** Opening DATA EXCERPT block **

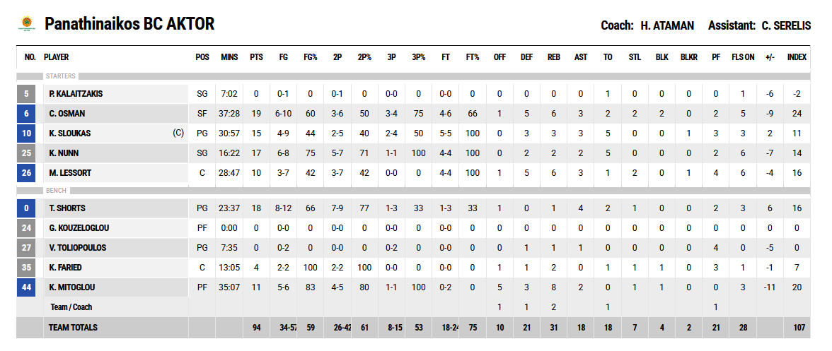 Όπως μπορεί εύκολα να δει κανείς από τους χρόνους στα δύο παιχνίδι, οι πράσινοι «έσκασαν», με αποκορύφωμα τον Ματίας Λεσόρ, αλλά και τον Τσέντι Οσμάν που έκανε υπερπροσπάθεια με σχεδόν 72 λεπτά συμμετοχής μέσα σε τέσσερις μέρες και σε δύο πολύ απαιτητικά παιχνίδια.
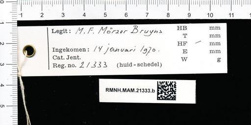 | Keywords: Naturalis Biodiversity Center - RMNH.MAM.21333.b reg - Hipposideros bicolor - skin.jpeg artwork Dimensions artwork Document type Hipposideros Individual count 1 Infraspecific epithet Infraspecific rank Institution Naturalis Kind of unit artwork Kind of unit specimen skin Life stage Nabij vliegveld van Keshod Zuid Gujarat India Medium artwork Nomenclatural code Occurrence ID page Other fields Other versions artwork Permission license Naturalis donation CC-0 Publication location Scientific name Hipposideros bicolor Scientific name authorship Source url http //bioportal naturalis nl Specific epithet bicolor State or province Subject keywords artwork Subject keywords publication Title artwork Title publication Type status Uploaded with GWToolset Naturalis_Biodiversity_Center_-_RMNH MAM 21333 b_reg_-_Hipposideros_bicolor_-_skin http //medialib naturalis nl/file/id/RMNH MAM 21333 b_reg/format/large Media donated by Naturalis Biodiversity Center Mammals at Naturalis from the Rijksmuseum van Natuurlijke Historie Hipposideros bicolor Hipposideros |
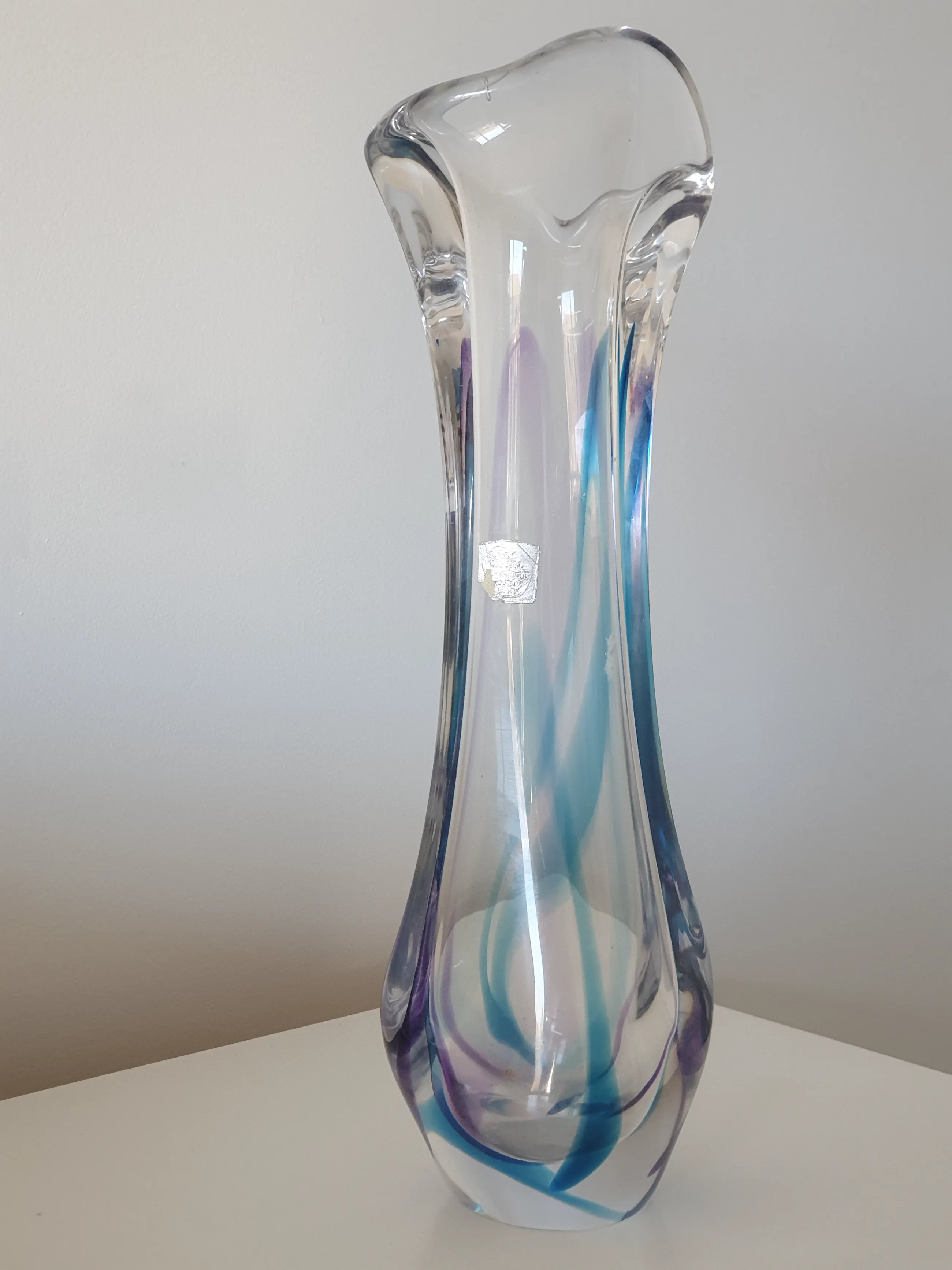 Een blank glazen vaas met twee kleur slierten in paars en blauw naar ontwerp van Max Verboeket voor Kristalunie Maastricht. Op sticker staat Crystal Maastricht Holland.

** Closing DATA EXCERPT block **

WHAT TO DO: The expected output is the full material above, unaltered, with pictures removed.

RESULT:
 Όπως μπορεί εύκολα να δει κανείς από τους χρόνους στα δύο παιχνίδι, οι πράσινοι «έσκασαν», με αποκορύφωμα τον Ματίας Λεσόρ, αλλά και τον Τσέντι Οσμάν που έκανε υπερπροσπάθεια με σχεδόν 72 λεπτά συμμετοχής μέσα σε τέσσερις μέρες και σε δύο πολύ απαιτητικά παιχνίδια.
 | Keywords: Naturalis Biodiversity Center - RMNH.MAM.21333.b reg - Hipposideros bicolor - skin.jpeg artwork Dimensions artwork Document type Hipposideros Individual count 1 Infraspecific epithet Infraspecific rank Institution Naturalis Kind of unit artwork Kind of unit specimen skin Life stage Nabij vliegveld van Keshod Zuid Gujarat India Medium artwork Nomenclatural code Occurrence ID page Other fields Other versions artwork Permission license Naturalis donation CC-0 Publication location Scientific name Hipposideros bicolor Scientific name authorship Source url http //bioportal naturalis nl Specific epithet bicolor State or province Subject keywords artwork Subject keywords publication Title artwork Title publication Type status Uploaded with GWToolset Naturalis_Biodiversity_Center_-_RMNH MAM 21333 b_reg_-_Hipposideros_bicolor_-_skin http //medialib naturalis nl/file/id/RMNH MAM 21333 b_reg/format/large Media donated by Naturalis Biodiversity Center Mammals at Naturalis from the Rijksmuseum van Natuurlijke Historie Hipposideros bicolor Hipposideros |
 Een blank glazen vaas met twee kleur slierten in paars en blauw naar ontwerp van Max Verboeket voor Kristalunie Maastricht. Op sticker staat Crystal Maastricht Holland.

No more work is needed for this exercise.